Output exactly, in the material below, the lines from the one with "Show your appreciation" through the one with "Nach den zwei". Omit all pictures.

### RECORDS
·····
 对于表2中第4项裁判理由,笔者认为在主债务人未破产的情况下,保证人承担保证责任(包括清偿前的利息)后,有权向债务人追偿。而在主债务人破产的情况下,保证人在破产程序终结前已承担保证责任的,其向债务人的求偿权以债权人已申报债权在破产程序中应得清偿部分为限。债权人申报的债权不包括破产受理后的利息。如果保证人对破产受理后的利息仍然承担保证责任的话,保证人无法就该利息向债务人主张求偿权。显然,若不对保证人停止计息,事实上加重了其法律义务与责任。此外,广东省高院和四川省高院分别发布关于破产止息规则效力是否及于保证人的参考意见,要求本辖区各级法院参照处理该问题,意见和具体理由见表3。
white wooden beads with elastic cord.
·····
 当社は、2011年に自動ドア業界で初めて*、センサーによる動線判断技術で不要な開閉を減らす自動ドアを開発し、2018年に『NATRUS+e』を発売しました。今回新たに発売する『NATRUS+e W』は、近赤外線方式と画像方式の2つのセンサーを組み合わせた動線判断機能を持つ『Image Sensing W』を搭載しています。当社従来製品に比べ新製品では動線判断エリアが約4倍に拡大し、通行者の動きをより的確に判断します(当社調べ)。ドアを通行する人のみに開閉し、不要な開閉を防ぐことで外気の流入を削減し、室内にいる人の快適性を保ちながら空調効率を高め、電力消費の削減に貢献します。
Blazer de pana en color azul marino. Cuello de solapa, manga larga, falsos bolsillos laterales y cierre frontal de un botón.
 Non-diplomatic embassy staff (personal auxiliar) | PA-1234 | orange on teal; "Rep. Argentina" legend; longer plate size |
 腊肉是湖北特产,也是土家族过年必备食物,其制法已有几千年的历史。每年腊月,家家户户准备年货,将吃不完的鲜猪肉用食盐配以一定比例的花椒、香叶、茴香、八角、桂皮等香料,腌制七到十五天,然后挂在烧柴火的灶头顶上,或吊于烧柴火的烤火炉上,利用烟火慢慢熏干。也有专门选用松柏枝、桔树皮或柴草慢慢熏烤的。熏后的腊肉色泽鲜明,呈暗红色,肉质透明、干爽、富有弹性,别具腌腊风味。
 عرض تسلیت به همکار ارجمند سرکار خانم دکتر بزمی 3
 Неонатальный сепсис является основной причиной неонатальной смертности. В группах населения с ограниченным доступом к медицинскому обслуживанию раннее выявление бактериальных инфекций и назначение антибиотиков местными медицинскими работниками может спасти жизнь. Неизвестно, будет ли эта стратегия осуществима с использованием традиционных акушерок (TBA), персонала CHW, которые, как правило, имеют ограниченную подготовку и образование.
·····
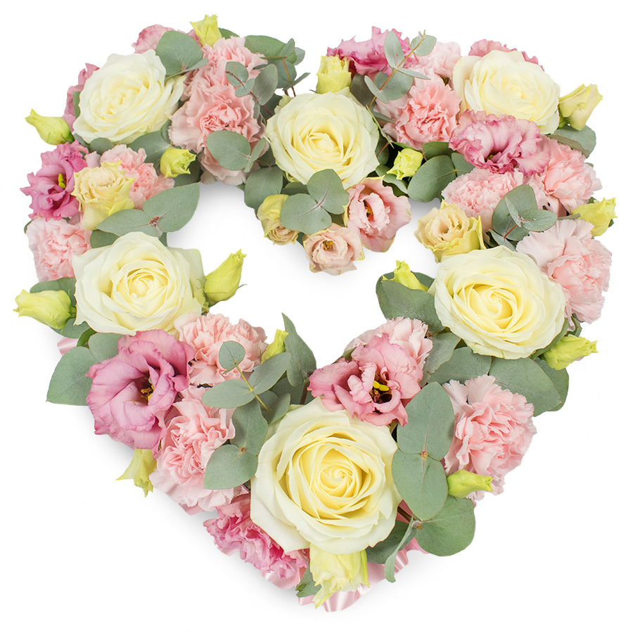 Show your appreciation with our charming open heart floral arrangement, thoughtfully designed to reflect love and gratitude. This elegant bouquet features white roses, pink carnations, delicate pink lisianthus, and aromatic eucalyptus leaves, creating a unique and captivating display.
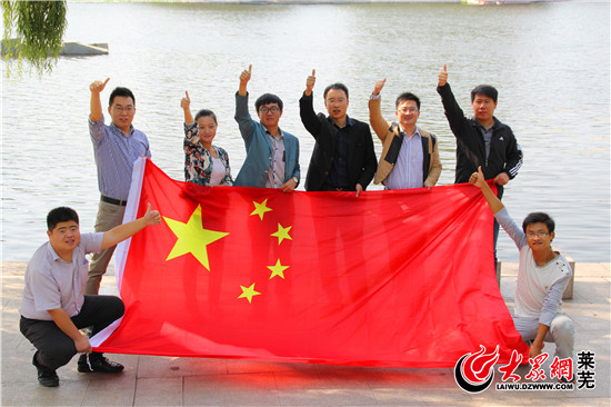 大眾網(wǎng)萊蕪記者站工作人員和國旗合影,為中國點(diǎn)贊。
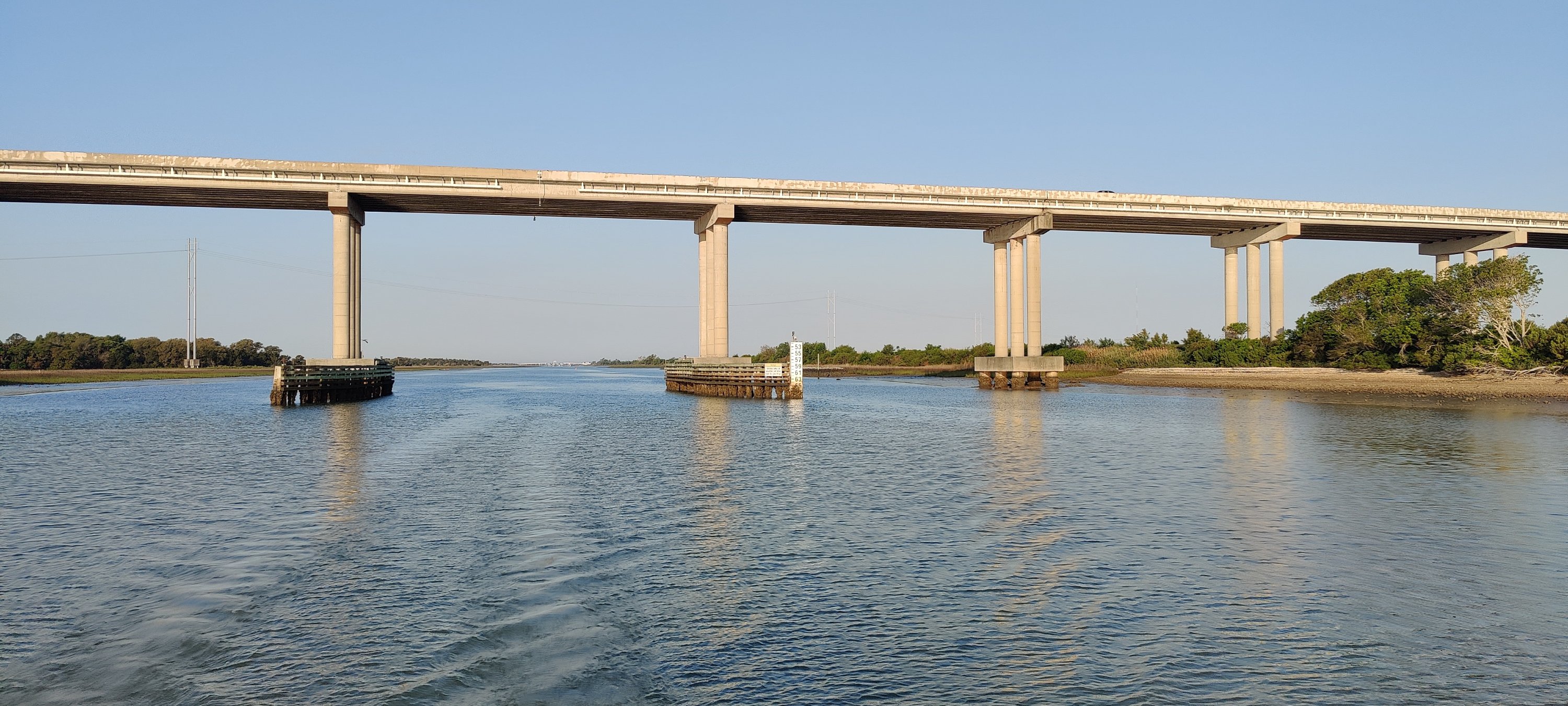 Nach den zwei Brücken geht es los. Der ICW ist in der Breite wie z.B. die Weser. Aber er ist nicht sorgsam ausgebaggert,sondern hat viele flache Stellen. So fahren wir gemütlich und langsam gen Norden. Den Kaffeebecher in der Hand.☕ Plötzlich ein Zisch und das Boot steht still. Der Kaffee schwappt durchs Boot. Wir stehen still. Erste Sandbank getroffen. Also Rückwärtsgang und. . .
·····
### THE COMPLETED TASK
 Show your appreciation with our charming open heart floral arrangement, thoughtfully designed to reflect love and gratitude. This elegant bouquet features white roses, pink carnations, delicate pink lisianthus, and aromatic eucalyptus leaves, creating a unique and captivating display.
 大眾網(wǎng)萊蕪記者站工作人員和國旗合影,為中國點(diǎn)贊。
 Nach den zwei Brücken geht es los. Der ICW ist in der Breite wie z.B. die Weser. Aber er ist nicht sorgsam ausgebaggert,sondern hat viele flache Stellen. So fahren wir gemütlich und langsam gen Norden. Den Kaffeebecher in der Hand.☕ Plötzlich ein Zisch und das Boot steht still. Der Kaffee schwappt durchs Boot. Wir stehen still. Erste Sandbank getroffen. Also Rückwärtsgang und. . .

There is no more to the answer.